* _Goal of the exercise_: The lines from the one containing "旅券法でパスポートにはヘボン式でローマ字名を表示することと決められており、" through the last line below, both ends included, must be reproduced exactly, with no pictures.

* _Given material_:
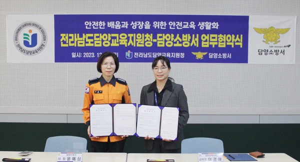 담양소방서(서장 윤예심)는 지난 22일 담양교육지원청(교육장 이경애)과 재난으로부터 안전문화 정착 및 안전보호를 위한 업무협약을 체결했다.
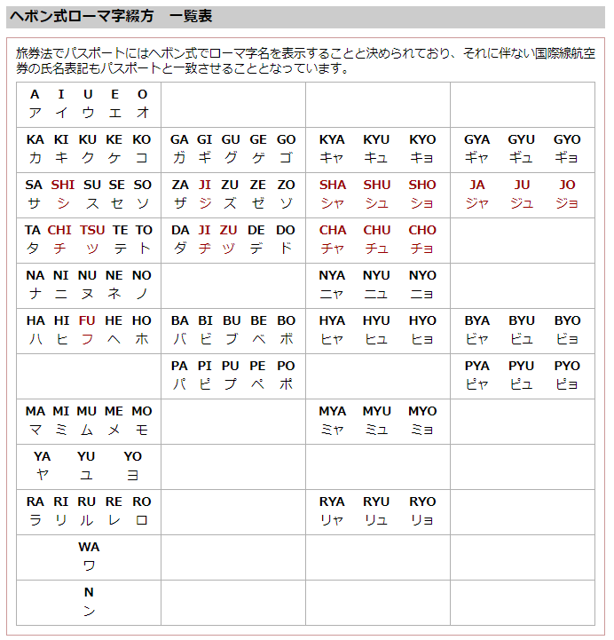 旅券法でパスポートにはヘボン式でローマ字名を表示することと決められており、
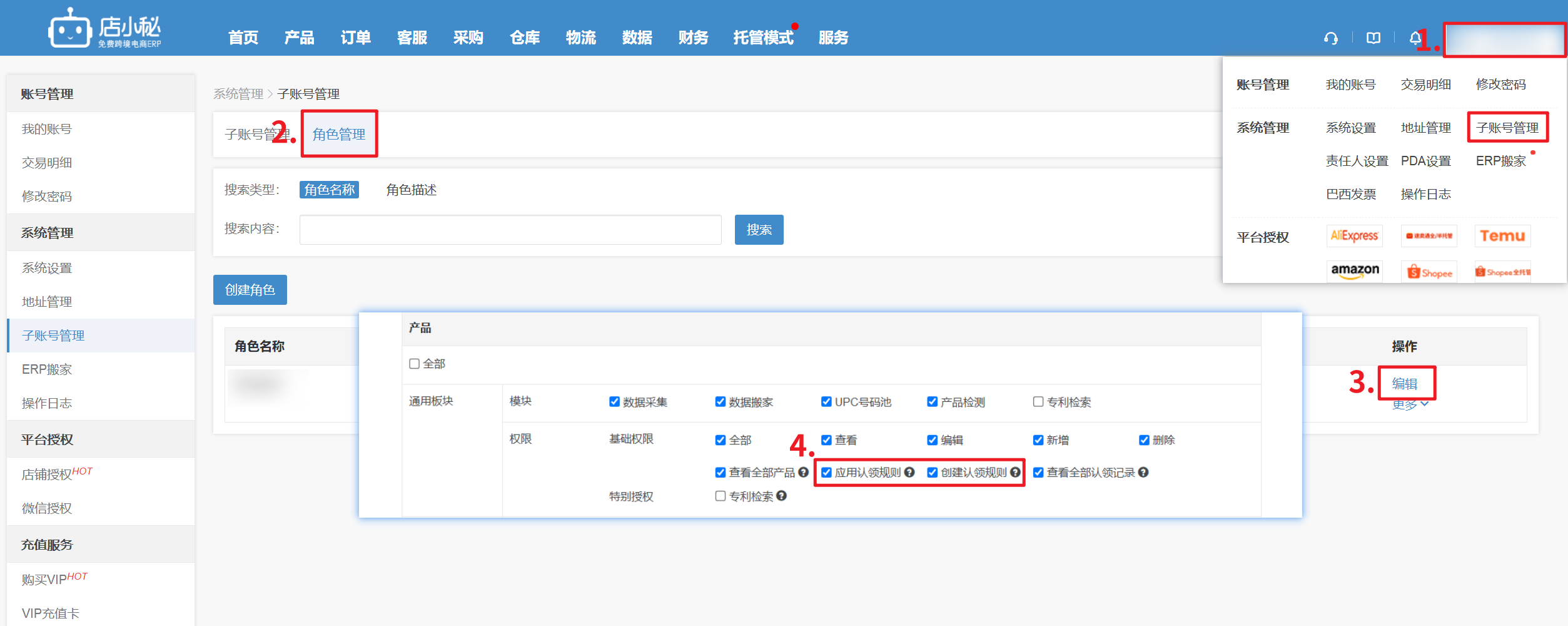 A1:【主账号登录右上角用户名—权限管理—角色管理—编辑—勾选应用认领规则和创建认领规则】才可以设置

* _Task answer_:
 旅券法でパスポートにはヘボン式でローマ字名を表示することと決められており、
 A1:【主账号登录右上角用户名—权限管理—角色管理—编辑—勾选应用认领规则和创建认领规则】才可以设置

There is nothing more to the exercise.